# Need to find good brake levers



## OldZaskar (Jul 1, 2009)

The Tektros are on their last leg. I'm considering the Cane Creek...










Thoughts?

Thanks!


----------



## CrankyCarbon (Dec 17, 2014)

A few Years ago I looked at the Tektros and Cane Creeks as a "campy copy" brake lever. 
I think they are the Tektros and CC are the same lever under various names. At least then, I'm not sure about now. I didn't like how they were a little loose in the levers so I ended up getting Campy carbon brake levers and sold off the tektros.

If you want a brake only lever and don't mind used/vintage I really like the old Shimano Dura Ace aero 7402s
Otherwise you could just replace the Tektros with a new pair of Tektros/CC


----------



## bikerector (Oct 31, 2012)

Tektro or cane creek have been decent for me. They're just levers. I buy them based on looks.

Sram has an option I think if you like those ergos.

Gevenelle makes some as well but they're most likely just rebranded versions of tektro or CC.
Cyclocross Shifters

Origin 8 has a few options that should be easy to find. I like the retro ones with the drilled holes.
Brake Levers | Origin8


----------



## JCavilia (Sep 12, 2005)

Pretty sure CrankyCarbon is right: the Cane Creeks are made by Tektro; just different paint and a few more bucks.


----------



## Gregory Taylor (Mar 29, 2002)

I have the Cane Creek levers on one of my fixies - pretty decent lever for the money. The body is fairly wide - wider than an older Shimano non-STI aero brake lever, for example - and it is a shape which I find comfortable when riding on the hoods.

You can get the Tektro in silver, if you want.

Tektro Aero Brake Levers, RL340, Silver - Levers - Brakes & Parts - Components

The only thing that I don't like is that the rubber hoods on mine won't stay put. I thnk that is a function of my removing the hoods at one point, and stretching them out a bit. I'm too cheap to buy new hoods. And the levers are a bit heavy. But then so am I....


----------



## OldZaskar (Jul 1, 2009)

Thanks guys. Looks like Tektro's kinda cornered the market. I ordered a set of the RL340s. Pretty basic but, they'll do the trick. 
Thanks again.


----------



## robt57 (Jul 23, 2011)

OldZaskar said:


> Thanks guys. Looks like Tektro's kinda cornered the market. I ordered a set of the RL340s. Pretty basic but, they'll do the trick.
> Thanks again.


I like the 340s ergo wise for my big hands. But I also have two bikes with the TRP RRL. Well one, and the second set on the way.

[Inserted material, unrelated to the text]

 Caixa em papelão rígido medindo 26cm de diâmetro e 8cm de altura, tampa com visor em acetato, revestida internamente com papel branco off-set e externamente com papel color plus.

The brown hooded drilled ones I have on a more retro steel retro build. And I just ordered the black plain AL version for my Blade SS conversion [I am getting tired looking at it hanging with the TT&aero bars/brake levers etc and want to roll it instead.] Midge bars with the RRLs on a old mint blade a bit techno-hipster, but who cares.

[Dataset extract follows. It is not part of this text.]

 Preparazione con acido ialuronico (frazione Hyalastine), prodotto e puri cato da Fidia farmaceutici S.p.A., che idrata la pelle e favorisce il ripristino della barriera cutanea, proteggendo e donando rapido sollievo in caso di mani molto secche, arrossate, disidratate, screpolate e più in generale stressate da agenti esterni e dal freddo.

They also have the zoot carbon version too. I paid 52.00 shipped for the black AL shipped. The 340s for 1/2 that a better bargain certainly, but definitely generic looking comparatively. Seemed my Blade deserved better.


----------



## CrankyCarbon (Dec 17, 2014)

robt57 said:


> I like the 340s ergo wise for my big hands. But I also have two bikes with the TRP RRL. Well one, and the second set on the way.
> 
> The brown hooded drilled ones I have on a more retro steel retro build. And I just ordered the black plain AL version for my Blade SS conversion [I am getting tired looking at it hanging with the TT&aero bars/brake levers etc and want to roll it instead.] Midge bars with the RRLs on a old mint blade a bit techno-hipster, but who cares.
> 
> They also have the zoot carbon version too. I paid 52.00 shipped for the black AL shipped. The 340s for 1/2 that a better bargain certainly, but definitely generic looking comparatively. Seemed my Blade deserved better.


Those drilled ones look pretty sweet. Might be a good alternative on my 80's Alan which has Suntour/Aero Grand Compe aero slotted levers on it. Nice & smooth levers but not ergo at all as they are based on the old Campy NR/SR body design.

The Tektros I had (one silver and one black set) always jiggled and drove me nuts with the faint jiggling noise.


----------



## UrbanPrimitive (Jun 14, 2009)

I've been oggling those TRP levers for a while, but they are way too spendy to ever end up on a bike I own.


----------



## robt57 (Jul 23, 2011)

CrankyCarbon said:


> Those drilled ones look pretty sweet.



I got some used for my Bridgestone 400 when I repainted it. They just seemed like they would belong.  I paid too much probably. But for 50.00 I got 3 and four hood rubbers. The 3rd one I am not using had gone down.. I actually thought he wanted 40.00. I rode my bike 15 mile to get them and handed him the 40.00 and he made a face. We got the ad up on my phone and it said 50.00 firm. I was a little embarrassed and just gave him another 10.00 bucks and apologized. But the drilled ones are pretty pricey to be sure, but pretty pretty too! I never priced the carbon ones...


----------



## jrm (Dec 23, 2001)

The CC SCR levers are a lot more comfortable due to the flat tops on the hoods and the bulb up front which means you dont have to have a ****ing death grip on the lever hoods in order to keep your hands from shifting while braking.


----------



## Natedogz (Aug 25, 2010)

OldZaskar said:


> The Tektros are on their last leg. I'm considering the Cane Creek...
> 
> 
> 
> ...


I rode friend's bike with the Cane Creek SCR-5C levers and they were some of the most comortable road levers I've ever ridden. I need to order a pair for my SS.
Brake Levers



jrm said:


> The CC SCR levers are a lot more comfortable due to the flat tops on the hoods and the bulb up front which means you dont have to have a ****ing death grip on the lever hoods in order to keep your hands from shifting while braking.


x2


----------